Un x peut être lié à plusieurs y.
Ex: {(a,1), (a,2), (b,3)}

Fonction (Graphe)

F

Chaque x est lié à un UNIQUE y.
Ex: {(a,1), (b,3), (c,1)}

Dans le second cas, la première projection est {a, b, c} et la seconde est {1, 3}. Notez que la valeur ‘1’ apparaît deux fois comme image, mais ce n’est pas un problème.

Questions fréquentes (FAQ)

❓ Questions Fréquentes

La première projection « perd-elle » l’information sur les seconds éléments ?

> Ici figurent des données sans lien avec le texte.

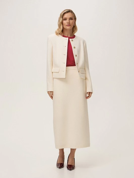 Жакет прекрасно сочетается с юбкой SK0582, а благодаря высокому содержанию шерсти он послужит альтернативой легкой куртке или ветровке.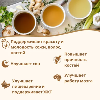 - в составе костного бульона содержатся десятки разнообразных питательных веществ, включая 19 аминокислот (которые часто называют «строительными элементами белка»). Аминокислоты поддерживают здоровый обмен веществ, здоровье кишечника, суставов и поддерживают мышечную массу
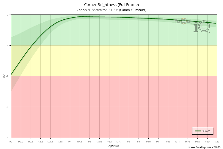 The vignetting information shows how the light is attenuated in the corners of the frame across the aperture range.

Oui et non. L’opération de projection elle-même, par définition, ne conserve que la composante qui l’intéresse. Elle « oublie » délibérément à quel(s) second(s) élément(s) chaque premier élément était associé. C’est son but : isoler une dimension. Cependant, l’information globale n’est pas perdue si vous conservez l’ensemble original C. Penser aux projections comme à des « filtres » ou des « angles de vue » sur vos données est plus juste que de parler de « perte ».

Peut-on faire une projection si les couples ont plus de 2 éléments (des triplets, n-uplets) ?

Absolument ! Le concept se généralise. Pour un n-uplet (a1, a2, a3, …, an), on peut définir la k-ième projection comme l’ensemble de tous les k-ièmes éléments. En informatique, c’est très courant. Par exemple, dans une table SQL avec 5 colonnes, la 3ème projection vous donnerait toutes les valeurs distinctes de la troisième colonne. La définition est similaire : { ak | ∃ (a1,…,an) ∈ C }.

Y a-t-il un lien avec la projection en géométrie ?

L’analogie est intuitive et c’est d’ailleurs de là que vient le terme. En géométrie, projeter un point 3D (x, y, z) sur le plan xy, c’est ne garder que les coordonnées (x, y) et « oublier » z. En théorie des ensembles, projeter un couple (x, y) sur sa première composante, c’est ne garder que x et « oublier » y. L’esprit est identique : réduire la dimension de l’objet en ne conservant que certaines de ses composantes. C’est une abstraction très puissante qui unit des domaines a priori éloignés.

Pour aller plus loin

Si ce sujet vous a intrigué et que vous voulez comprendre les fondements, voici deux pistes de lecture sérieuses :

  • Théorie axiomatique des ensembles : L’ouvrage de référence « Théorie des ensembles » par Patrick Dehornoy (chez Calvage & Mounet) aborde en détail les constructions comme les couples et les projections dans un cadre formel. C’est la source ultime pour comprendre « pourquoi ça marche ».
  • Logique et Fondements de l’Informatique : Le site Zeste de Savoir propose de nombreux tutoriels d’excellente qualité, notamment sur la théorie des ensembles pour les informaticiens, qui fait le pont entre ces concepts abstraits et leurs applications en base de données et en programmation.

En résumé, la première projection est bien plus qu’une curiosité mathématique. C’est un opérateur fondamental de l’organisation de l’information. Dès que vous manipulez des données liées par paires – des abonnements, des commandes, des relations sociales, des mappings – vous utilisez, consciemment ou non, ce principe. Le comprendre, c’est acquérir une clé pour modéliser et interroger le monde numérique qui nous entoure avec plus de finesse.